> TRY IT:
Retype the data that follows line by line, exactly, and leave its pictures out.

> PROVIDED MATERIAL:
▼

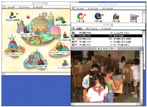 これにより、1)子供達が扱いやすいインタフェースを備え、電子会議室群にビジュアルなガイダンスと親近感を与える事ができる(図2)。2)IDとパスワードによって保護され、各会議室への参加を任意に設定できるので、セキュリティ面からみても安全であり、メンバー同士の信頼関係が作りやすい。
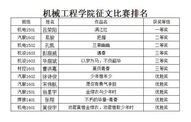 比赛自开始以来,公司全体员工积极参与,踊跃投稿,评委组共收到员工投稿47篇。经过评审团的公平公正评选,最终评出一等奖一名,二等奖两名,三等奖三名及若干优胜奖。其中,来自机电1501班的吕荣阳同学的诗词《满江红》凭借情景交融、灵活用典的写作手法与贴近现实生活的情感描写摘得桂冠。来自汽服1602班的易骏和机电1502的孔凯的作品《把握》与《兰草幽幽》获得并列第二名。
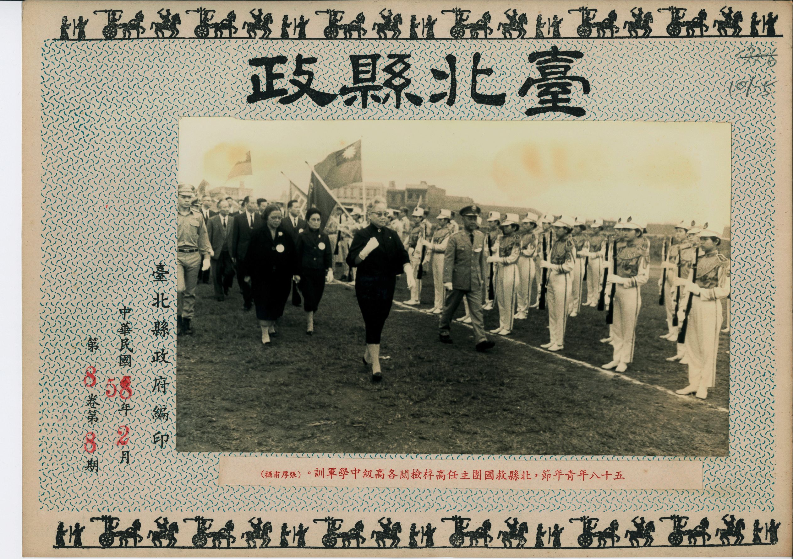1969(民國58)年青年節,臺北縣救國團主任高梓等一行人檢閱各高級中學軍訓。照片中的高中生穿著像是儀隊的服裝,手持禮槍,整齊劃一的站在操場上接受檢閱。
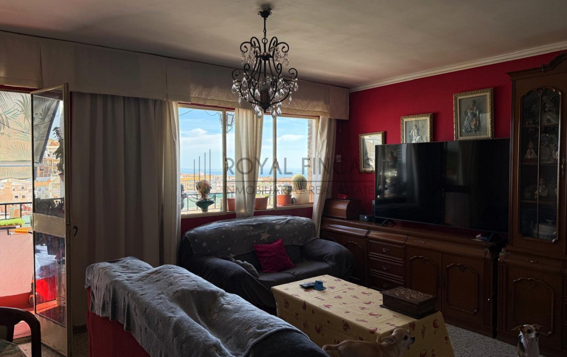 Amplio piso con orientación sureste y espectaculares vistas al mar y a la ciudad. La vivienda cuenta con tres dormitorios, un baño, gran salón comedor con salida a terraza, y cocina independiente con lavadero.

▲

> SOLVED PROBLEM:
 これにより、1)子供達が扱いやすいインタフェースを備え、電子会議室群にビジュアルなガイダンスと親近感を与える事ができる(図2)。2)IDとパスワードによって保護され、各会議室への参加を任意に設定できるので、セキュリティ面からみても安全であり、メンバー同士の信頼関係が作りやすい。
 比赛自开始以来,公司全体员工积极参与,踊跃投稿,评委组共收到员工投稿47篇。经过评审团的公平公正评选,最终评出一等奖一名,二等奖两名,三等奖三名及若干优胜奖。其中,来自机电1501班的吕荣阳同学的诗词《满江红》凭借情景交融、灵活用典的写作手法与贴近现实生活的情感描写摘得桂冠。来自汽服1602班的易骏和机电1502的孔凯的作品《把握》与《兰草幽幽》获得并列第二名。
1969(民國58)年青年節,臺北縣救國團主任高梓等一行人檢閱各高級中學軍訓。照片中的高中生穿著像是儀隊的服裝,手持禮槍,整齊劃一的站在操場上接受檢閱。
 Amplio piso con orientación sureste y espectaculares vistas al mar y a la ciudad. La vivienda cuenta con tres dormitorios, un baño, gran salón comedor con salida a terraza, y cocina independiente con lavadero.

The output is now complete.